His K/9 is sitting at a career best 10.02 along with a career best BB/9 at 0.90. If you look a little deeper at the sabermetric stat-line Price is also performing at a career best FIP and xFIP, which are 2.97 and 2.66, respectively. These two stats portray how Price’s ERA is not indicative of his actual performance. Continuing this trend, his LOB% sits at below average 67.5%. High strikeout pitchers like Price usually have more control over their LOB%, so its very likely that Price will positively regress toward his career average of about 75%. It could even be better due to his increase of strikeouts and decrease in walks. He also is sporting a career high 12.3% HR/FB that is contributing to his inflated ERA.

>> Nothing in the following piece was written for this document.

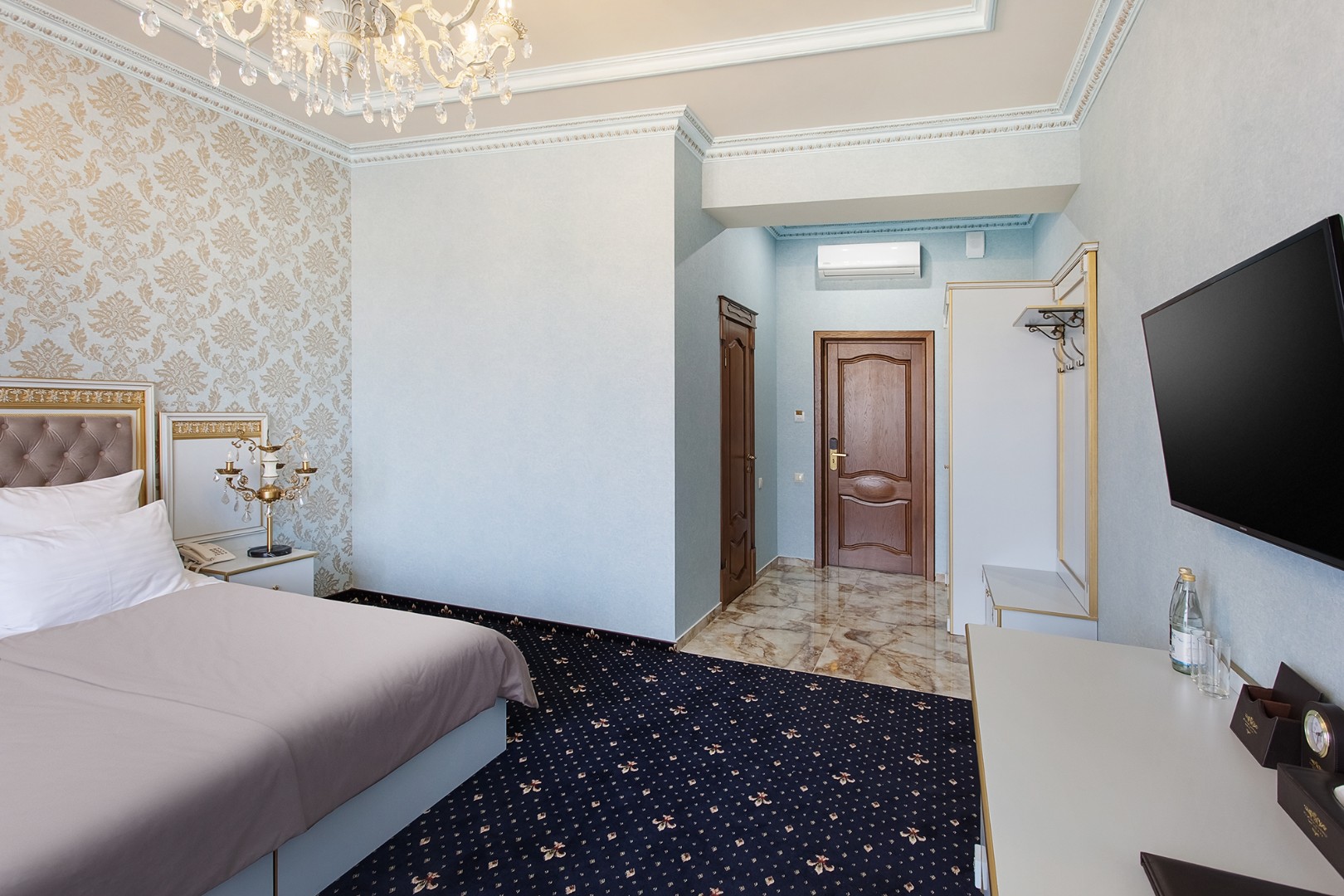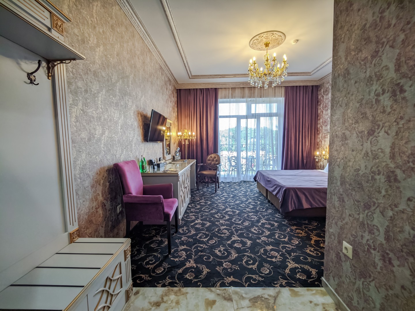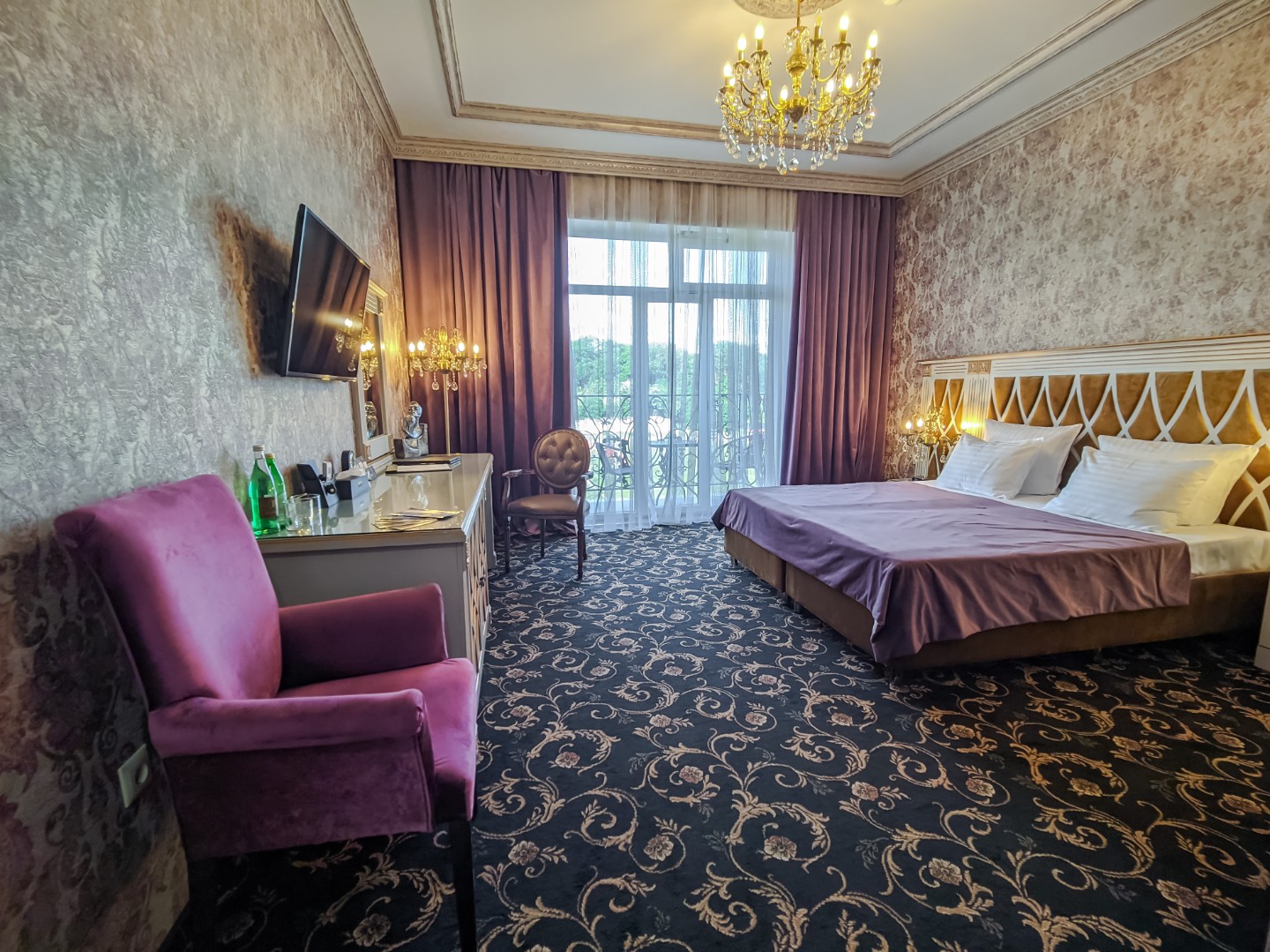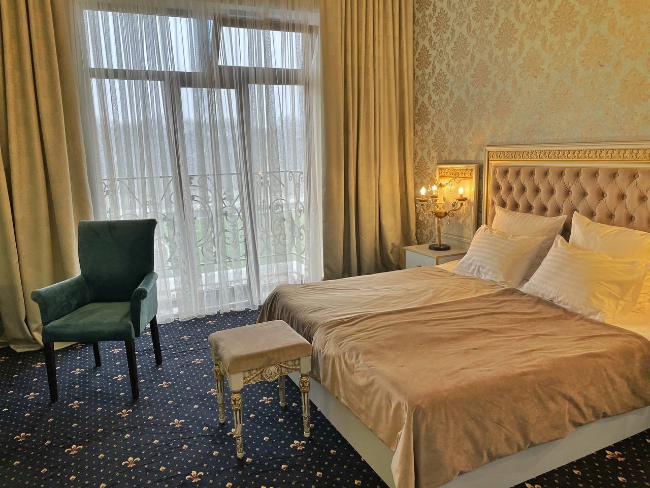 В номере: двуспальная кровать с размером «queen-size» с возможным разделением на 2 односпальные, прикроватные тумбы, светильники, торшер, туалетный столик и кресла, платяной шкаф, сейф, мини-бар, минеральная вода и вода без газа включенная в стоимость, кабельное ТВ, ЖК телевизор, Wi-Fi, кондиционер, необходимые принадлежности для ухода за верхней одеждой, гладильные принадлежности, балконы с прекрасным видом на футбольное поле и парковую зону, звукоизоляция.

And if you look even deeper into the statistical world, Price is changing how he pitches—-and its actually improving his performance from its already lofty level. The only problem is the surface stats are not catching up with his actual performance…… just yet. Here is a table that shows Price’s pitch usage over the past three years:

      Pitch Usage
Fastball    Sinker     Change    Curve    Cutter
2012    12.56%    48.39%    12.15%    10.85%    16.06%
2013    15.07%    39.43%    16.61%    11.02%    17.87%
2014    15.97%    40.45%    17.02%    10.93%    15.64%

 With the velocity decrease in mind, the data is portraying that Price has had to adapt as a pitcher in order to continue having success. His fastball and changeup usage has increased because he can no longer blow it by hitters with ease. Along with this:

 Whiff Percentage
Fastball   Sinker  Change  Curve   Cutter
2012     9.24        6.15       12.37      20.25    9.74
2013     9.83        4.49      17.38      6.73       6.29
2014     9.28        9.20      19.09     12.88    12.02

In 2014, Price is rocking better whiff rates than in his amazing Cy Young Award winning 2012 season. His whiff rates have increased across the board other than his curveball. This means that David Price has adjusted his game around his diminishing velocity and has adapted from a power pitcher to a smarter, more crafty pitcher that changes speeds and does not solely rely on velocity to put away hitters. These increased whiff rates are the reason that Price is sporting a career best K/9 ratio. He is throwing a career best 72.1% of pitches for strikes on the first pitch of an at-bat, which contributes to his career best BB/9.

Overall, a simple glance at Price’s stat-line would give the impression that he is declining. But after looking deeper at his actual performance this season, the underlying facts show that he is changing the way he pitches and could quite possibly be getting better. There are rumblings that scouts no longer view Price as an ace that can lead a team deep into the playoffs. From a scouting perspective that may appear to be true, but with the knowledge of these underlying statistics, I believe that Price is still the pitcher he always has been, if not better.